Please reproduce the listing below exactly, leaving out every picture.

• **The data**:

-------

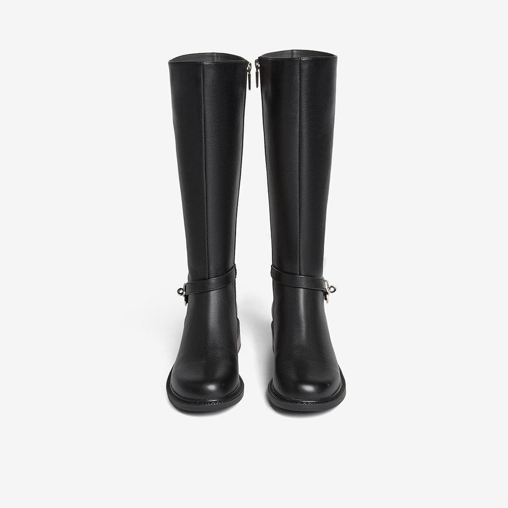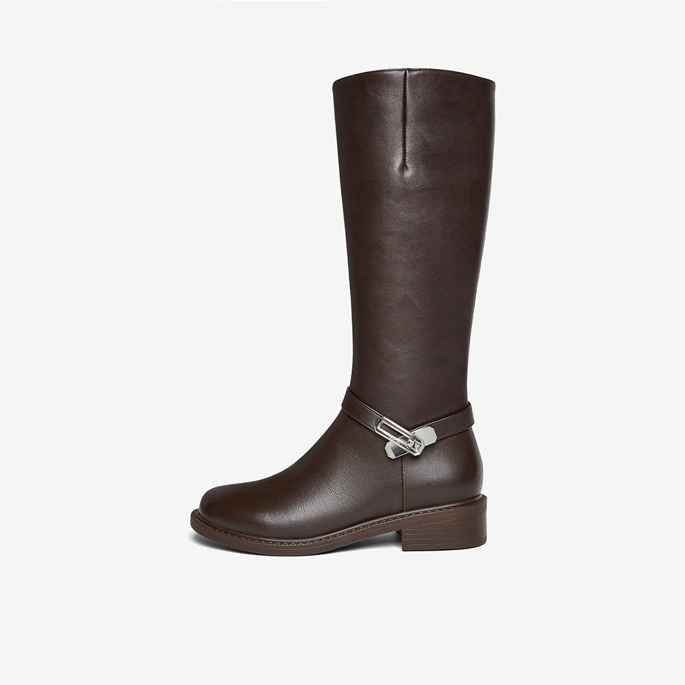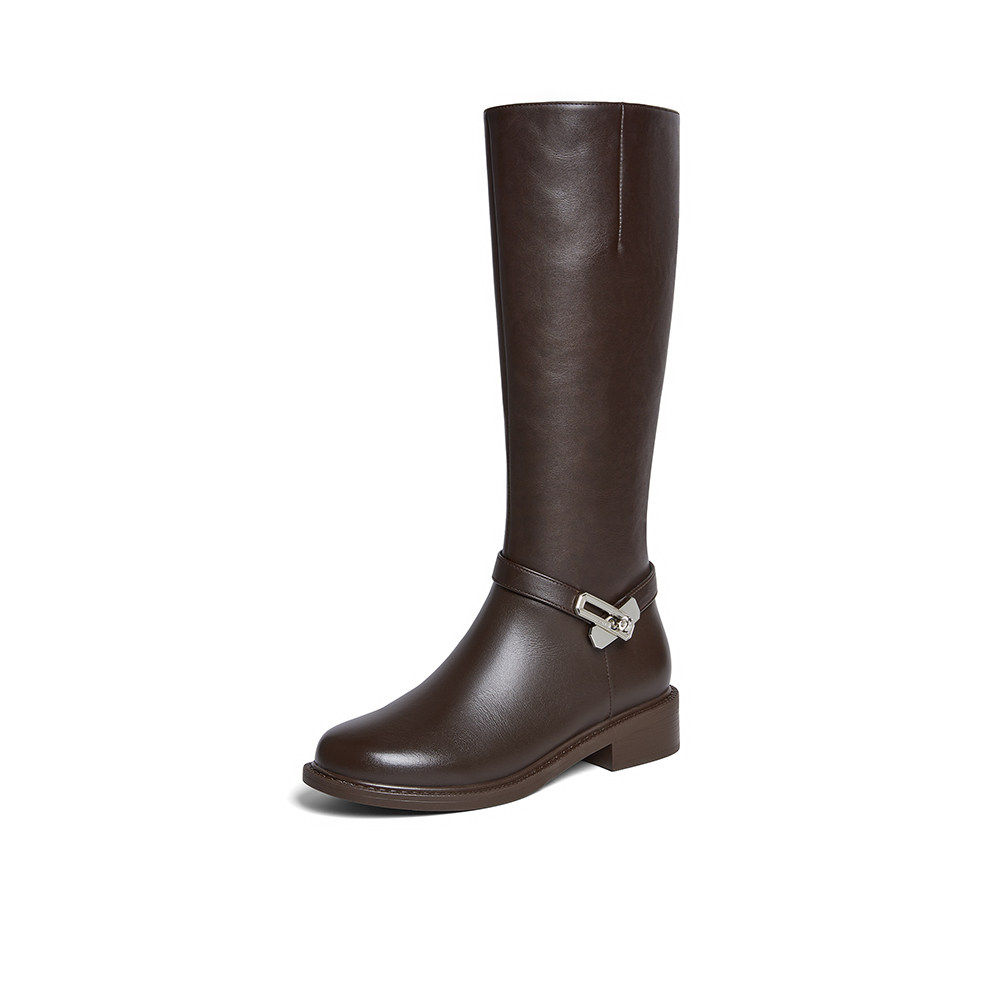 百思图2025冬季新款质感牛皮靴骑士靴通勤加绒高筒女长靴K5131DG5
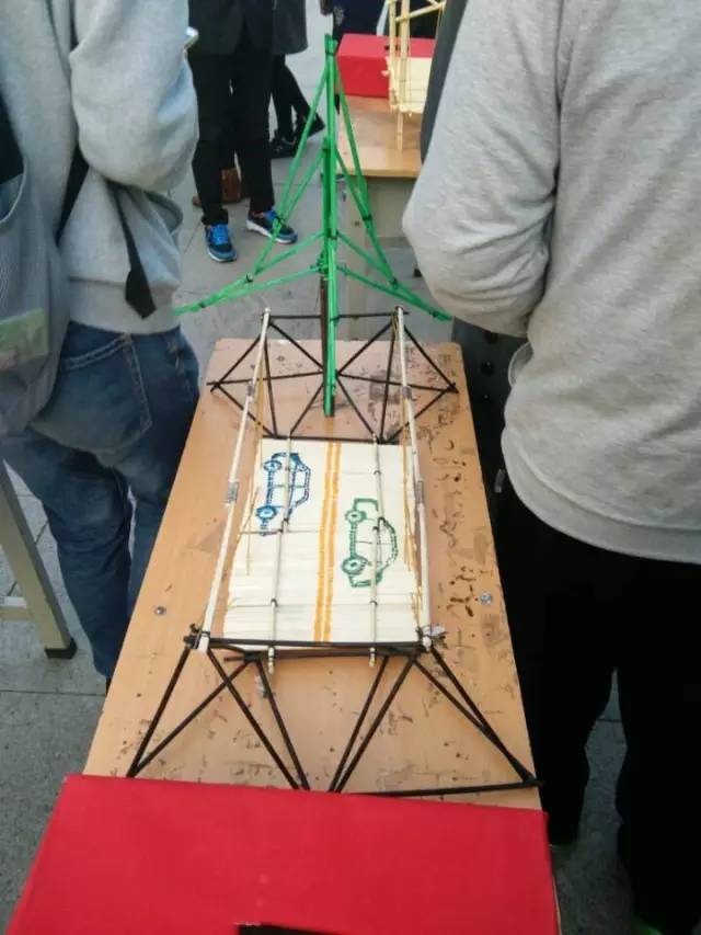 最后进行了筷子搭桥比赛,各公司比赛队伍用筷子和皮筋在有限时间内搭建一座桥,最后由观众投票。在众多作品中,我们公司作品独树一帜,桥两边由涂成黑色的筷子搭成,其中一边还有绿色筷子搭成的树, 而桥面上画了两辆小汽车。对比其他公司作品,我们公司作品显然更具创意,更用心。
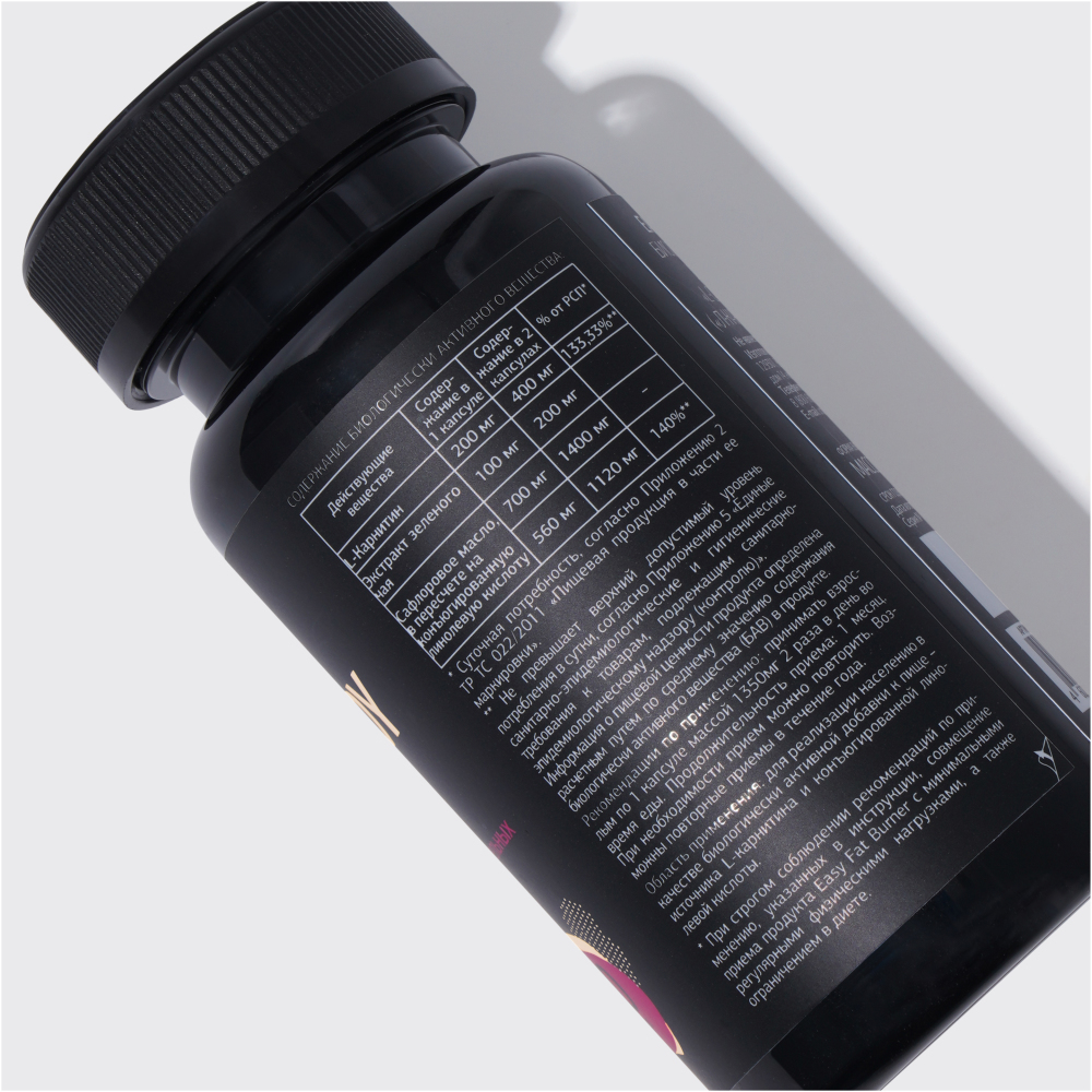 Easy Fat Burner от Urban Formula — комплекс для тех, кто хочет похудеть без физических нагрузок. В его составе 3 самых эффективных компонента, стимулирующих сжигание жира: CLA (конъюгированная линолевая кислота), L-карнитин, экстракт зеленого чая. Прием комплекса помогает преобразовывать жир в энергию и наращивать мышечную массу, ускоряет метаболизм, помогая организму тратить больше калорий даже без тренировок. Easy Fat Burner — биодобавка из серии эффективных современных комплексов Super Body для похудения и создания идеального тела.

-------

• **Task output**:
 百思图2025冬季新款质感牛皮靴骑士靴通勤加绒高筒女长靴K5131DG5
 最后进行了筷子搭桥比赛,各公司比赛队伍用筷子和皮筋在有限时间内搭建一座桥,最后由观众投票。在众多作品中,我们公司作品独树一帜,桥两边由涂成黑色的筷子搭成,其中一边还有绿色筷子搭成的树, 而桥面上画了两辆小汽车。对比其他公司作品,我们公司作品显然更具创意,更用心。
 Easy Fat Burner от Urban Formula — комплекс для тех, кто хочет похудеть без физических нагрузок. В его составе 3 самых эффективных компонента, стимулирующих сжигание жира: CLA (конъюгированная линолевая кислота), L-карнитин, экстракт зеленого чая. Прием комплекса помогает преобразовывать жир в энергию и наращивать мышечную массу, ускоряет метаболизм, помогая организму тратить больше калорий даже без тренировок. Easy Fat Burner — биодобавка из серии эффективных современных комплексов Super Body для похудения и создания идеального тела.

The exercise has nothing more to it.